Personalisation in customer experience is not about technology. It is about making someone feel recognised. The technology is just how you remember.

The Difference Between Personalisation and Using Someone's Name
Most companies think personalisation means inserting a first name into an email subject line. That is mail merge, not personalisation. Real personalisation means adjusting the experience based on what you know about the customer's behaviour, preferences, and history. It means showing a returning customer different options than a first-time visitor. It means not asking for information you already have.
When I work on personalisation strategies with clients, the first question is: what do you actually know about your customers, and where does that data live? Most companies collect far more customer data than they use. The information sits in a CRM, a POS system, an email platform, and a loyalty database, all disconnected. The customer tells the company the same thing four times across four channels and gets treated like a stranger each time.

Where Personalisation Produces Results
Recommendations That Make Sense
The simplest form of personalisation is recommending something based on past behaviour. A bookshop that knows you bought three history books should not recommend romance novels. An automotive service centre that knows your car is three years old should proactively suggest the maintenance package for your mileage bracket. This is not sophisticated AI. It is basic attention to customer data.
Communication That Respects the Relationship
A customer who has been buying from you for five years should not receive the same welcome email as someone who just signed up. A customer who called with a complaint yesterday should not get a marketing email today. Timing and context are forms of personalisation that cost nothing except awareness.

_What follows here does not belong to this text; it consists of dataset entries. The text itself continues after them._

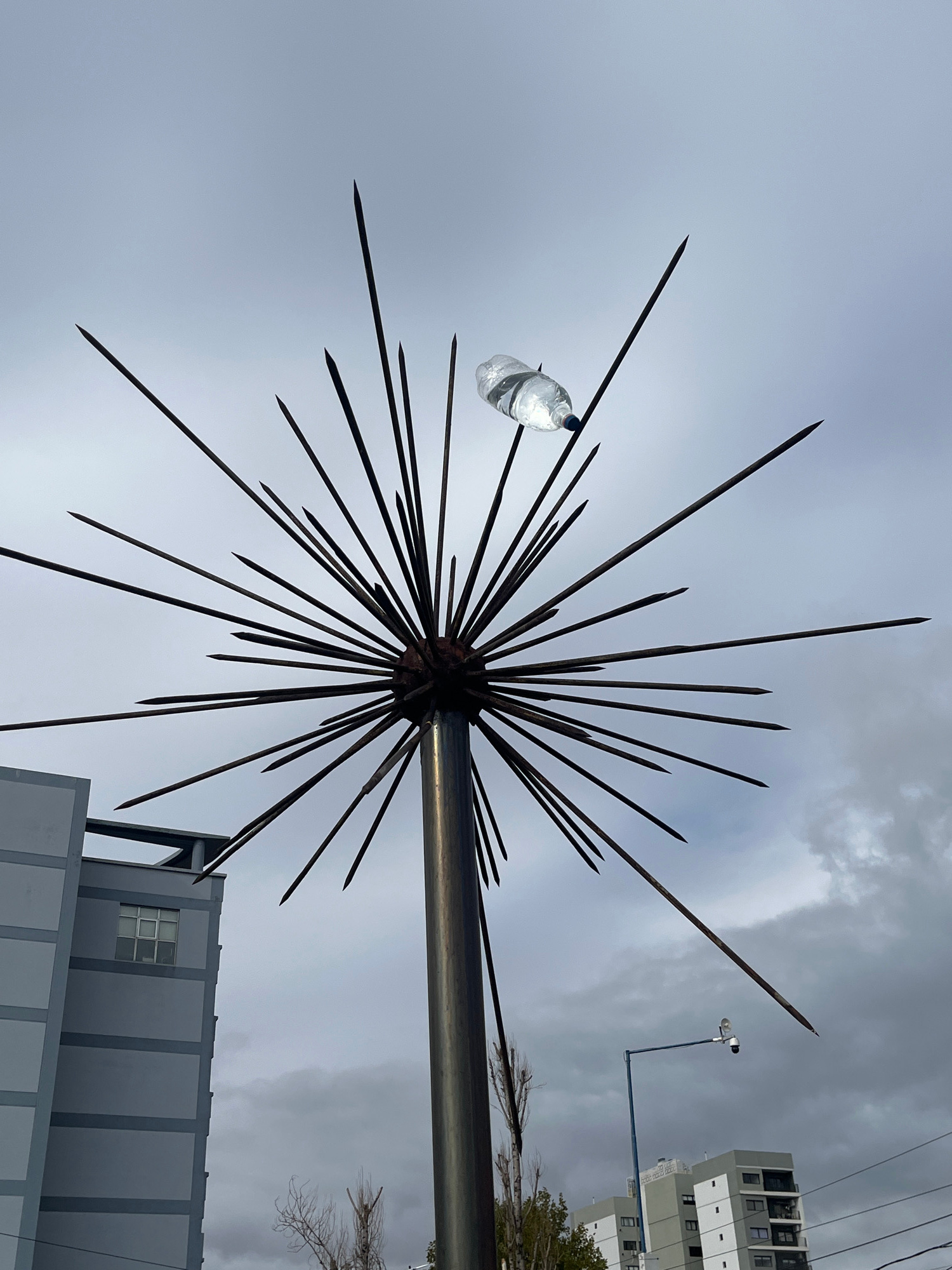 The image presents an upward view of a striking, dark metallic structure against an overcast sky, taken in Avellaneda, Argentina. The central object is a large, starburst-like sculpture or anti-perchi…read more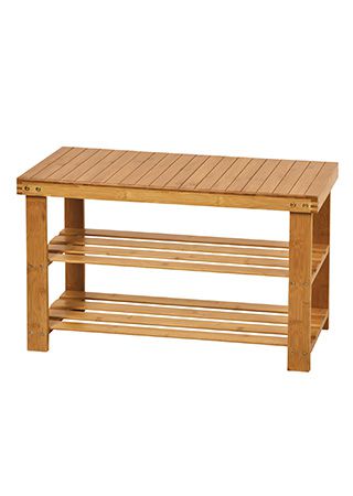 Botník v provedení bambus, má dvě odkládací police a plochu k sezení.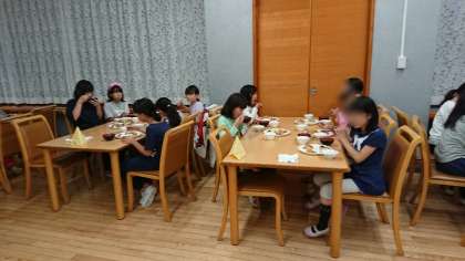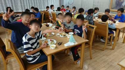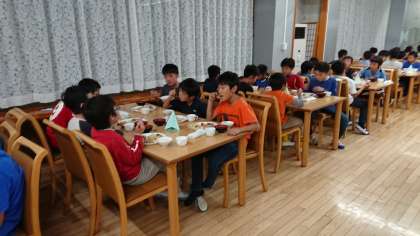 夕食の風景です。今日はたくさん歩いたので、さすがにお腹が減っているようで、よく食べています。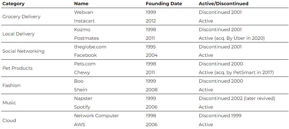 Bringing us full circle to the example of Pets.com (Company A) and Chewy (Company B) from above, here is a more built-out list of all of the companies founded in the dot-com bubble that were simply too early: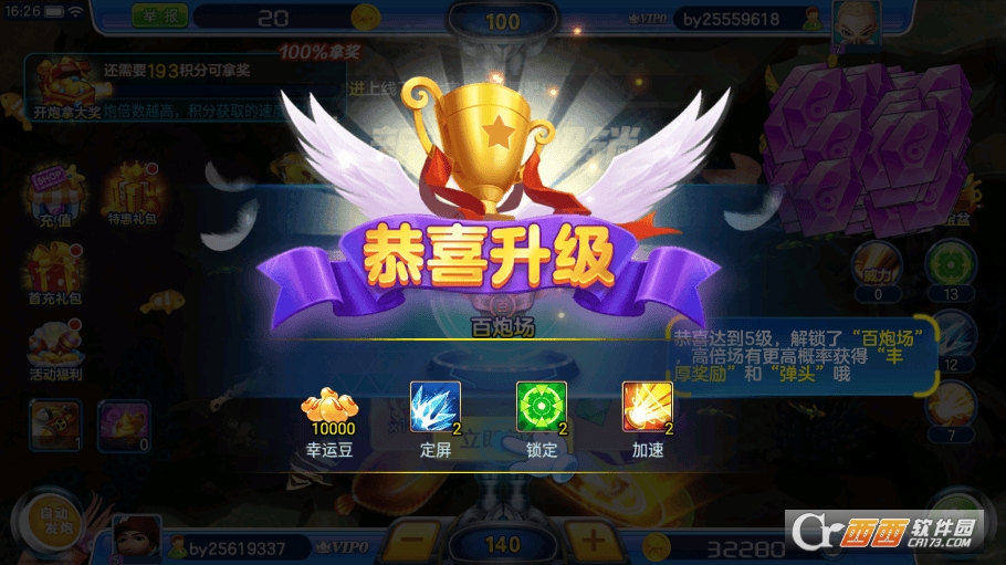 2、道具与炮台使用,玩家可在游戏中选择不同道具(如渔网扩大、射速提升等)和炮台,根据场上鱼类分布灵活切换,提升捕鱼效率,增加得分机会。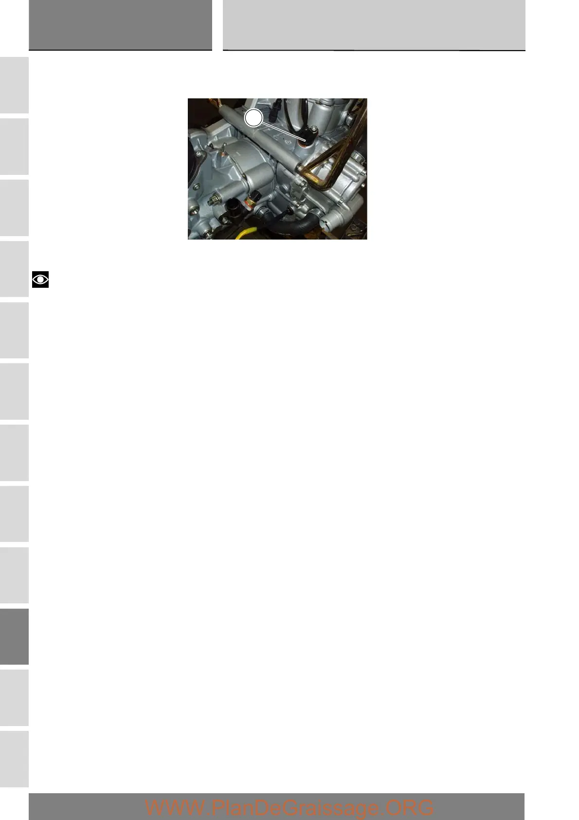 This sensor (1) is of the inductive type: it faces the timing gear and is capable of reading the 46 teeth and the 2-tooth gap.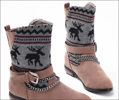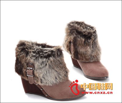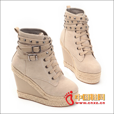 秋冬復古的鉚釘綁帶蝴蝶結,毛毛拼接防水臺高跟及膝高筒靴很有歐美范兒,讓你穿出嫻靜的氣質。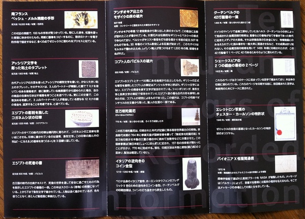 この資料は人類があらゆる時代や地域を通じて様々な媒体に記録してきた情報を展示し、人類の記録の足跡を表現しています。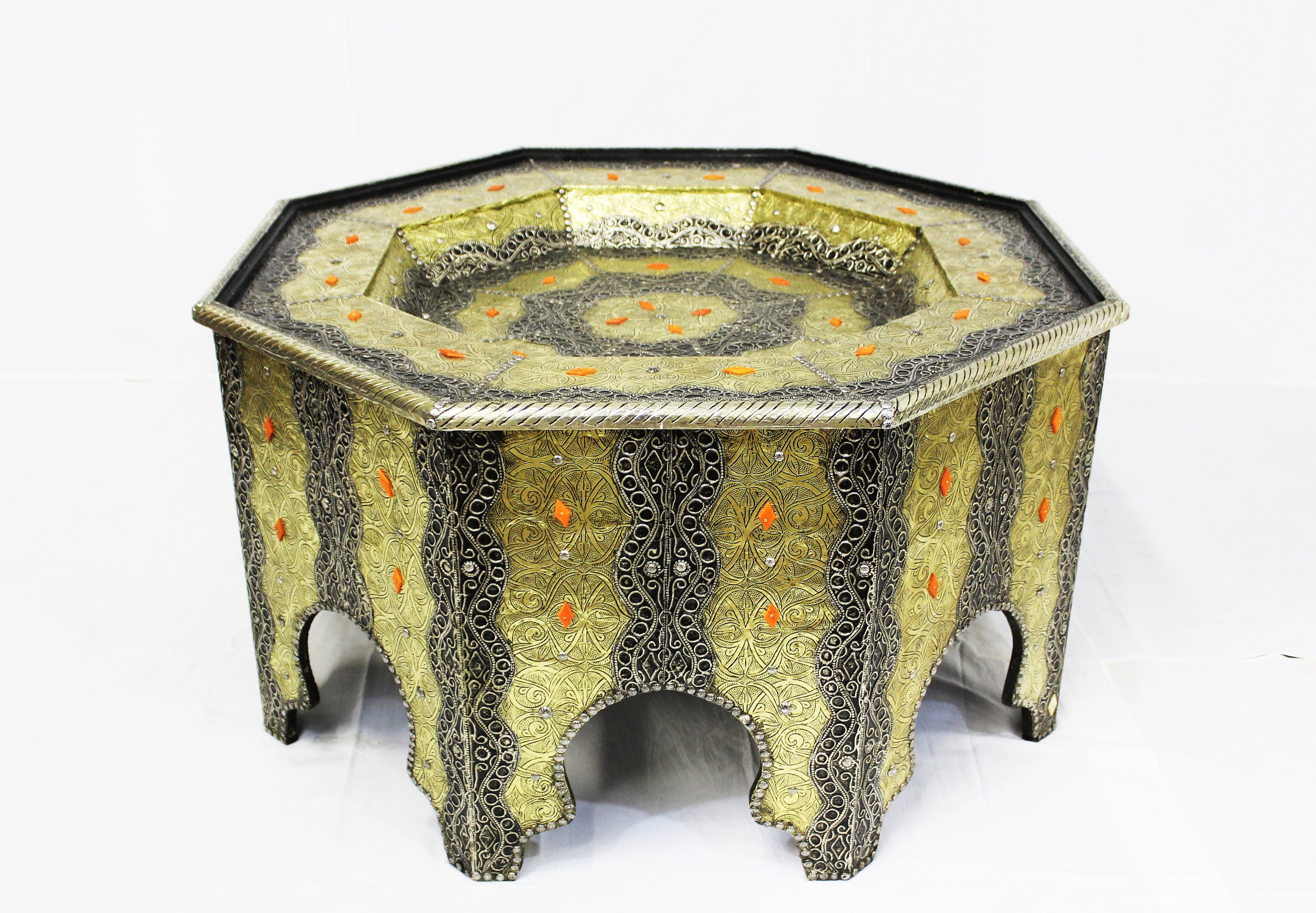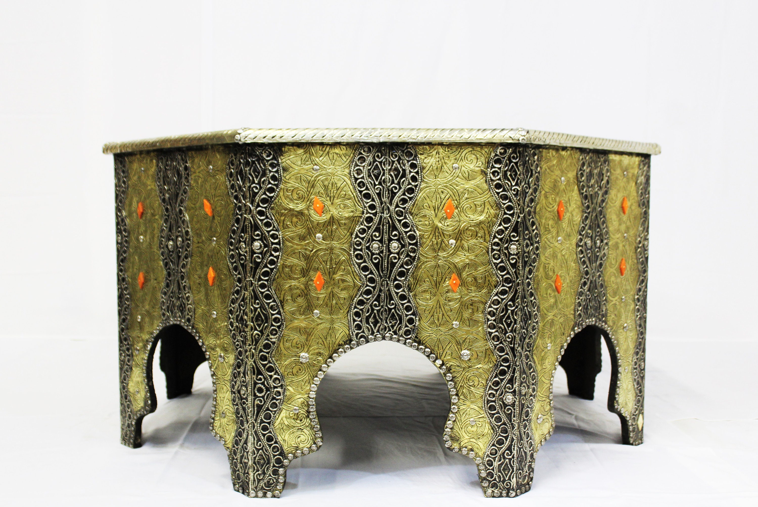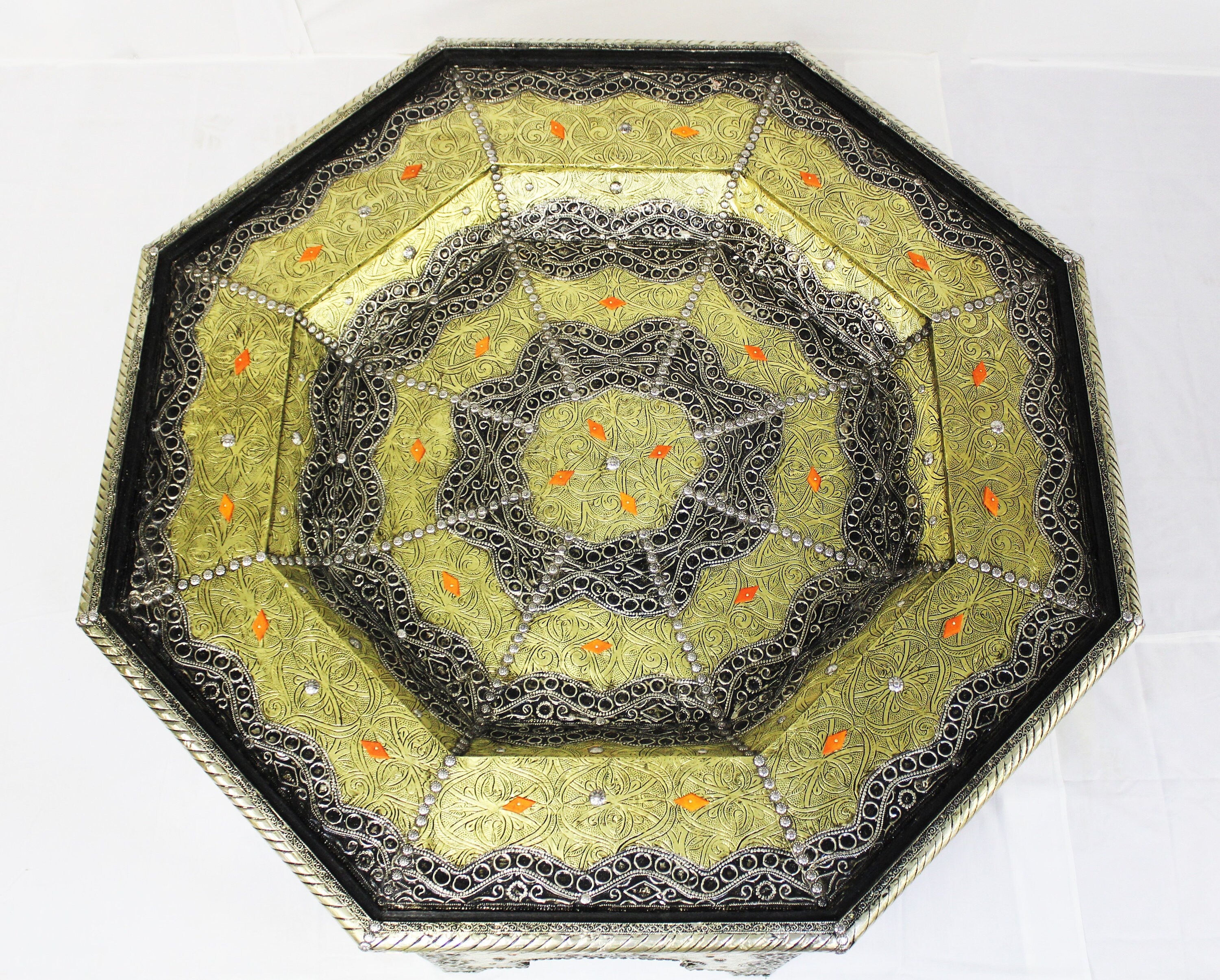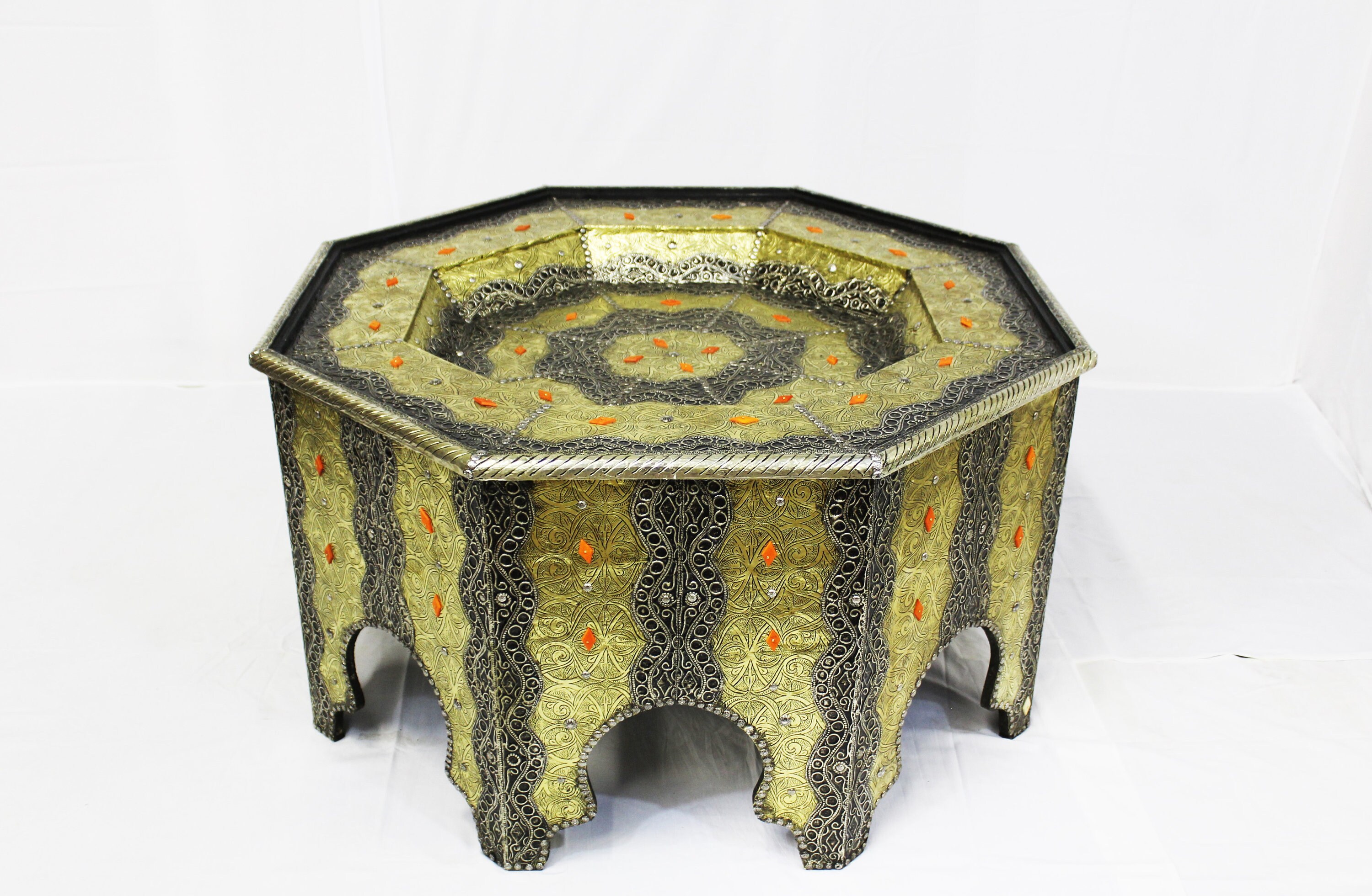 This is a beautiful authentic piece. Hand-crafted in Morocco, using fine quality materials, like wood, metal and bone, and incredible imagination of artisans. The wooden frame is dressed in hand-hammered 2-tone metal and decorated with orange camel bone pieces. The design is 3-dimensional.

Journey Stages, Not Demographics
The most effective personalisation I have seen is based on where someone is in their customer journey, not their age or gender. A first-time visitor to your website needs trust signals and social proof. A returning visitor who has looked at the same product three times needs a reason to commit. A loyal customer needs recognition and preferential treatment. Each of these requires a different message, different content, and different call to action.
At Dallal, we think about personalisation through the lens of property search behaviour. Someone who has saved five apartments in Salmiya does not need to see villas in Jahra. Someone who has been searching for three months is further along in their decision than someone who started yesterday. The experience adapts to what the user's behaviour tells us, not to a generic profile.

Start With What You Have
Companies delay personalisation because they think it requires a massive technology investment. It does not. If you have a customer list with purchase history, you can segment it manually. If you have a CRM with notes from past interactions, you can use those notes. If you have a website with analytics, you know which pages people visit most and can adjust accordingly.
The London hotel that personalised my check-in did not use AI. They used a guest profile system that recorded preferences from previous stays. A staff member read the profile before I arrived. That is technology in service of a human interaction, which is what great customer experience looks like. The tool enabled the moment. The person delivered it.